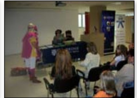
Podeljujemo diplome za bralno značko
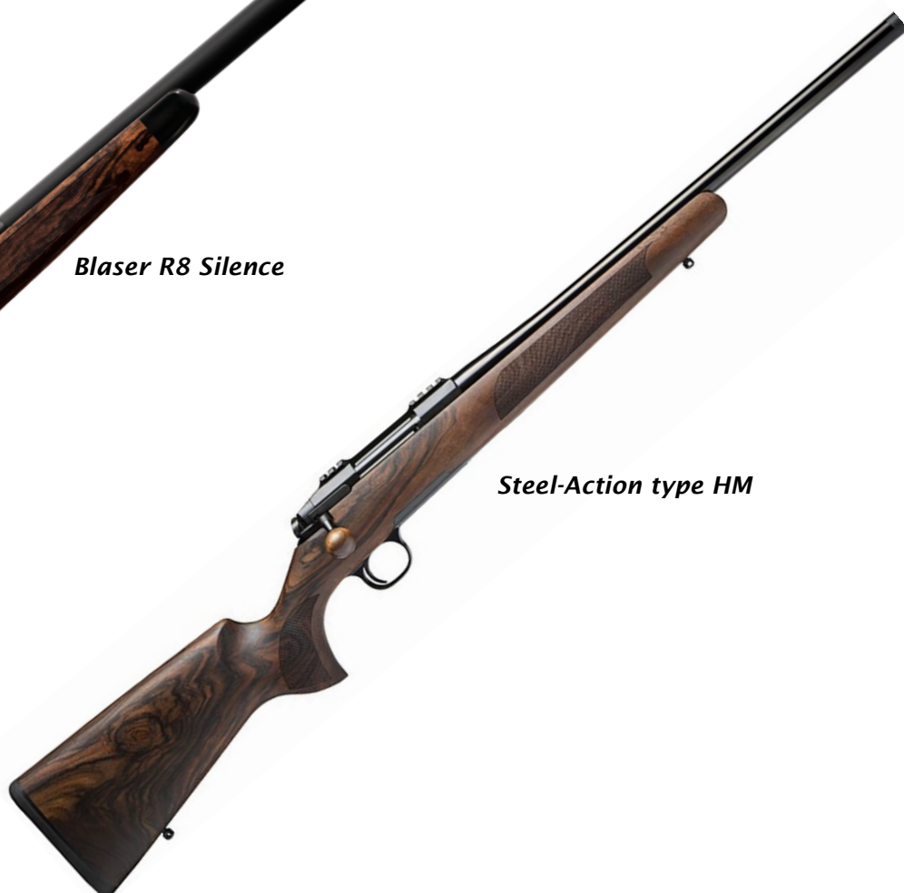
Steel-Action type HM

--

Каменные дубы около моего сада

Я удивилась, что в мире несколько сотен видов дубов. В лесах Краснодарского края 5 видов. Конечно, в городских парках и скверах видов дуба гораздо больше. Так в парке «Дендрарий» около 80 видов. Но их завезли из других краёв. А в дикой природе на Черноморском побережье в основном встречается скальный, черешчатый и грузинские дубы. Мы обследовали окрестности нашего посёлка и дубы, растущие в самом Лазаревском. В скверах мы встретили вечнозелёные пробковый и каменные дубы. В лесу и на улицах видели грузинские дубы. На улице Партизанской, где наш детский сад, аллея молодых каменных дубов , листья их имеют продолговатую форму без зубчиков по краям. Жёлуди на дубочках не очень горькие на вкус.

TASK ITEM:
A verbatim reproduction is expected: starting at the line above that has "Podeljujemo diplome za bralno značko", ending at the line that has "Steel-Action type HM", both included, and with no pictures and no other lines.

YOUR RESPONSE:
Podeljujemo diplome za bralno značko
Steel-Action type HM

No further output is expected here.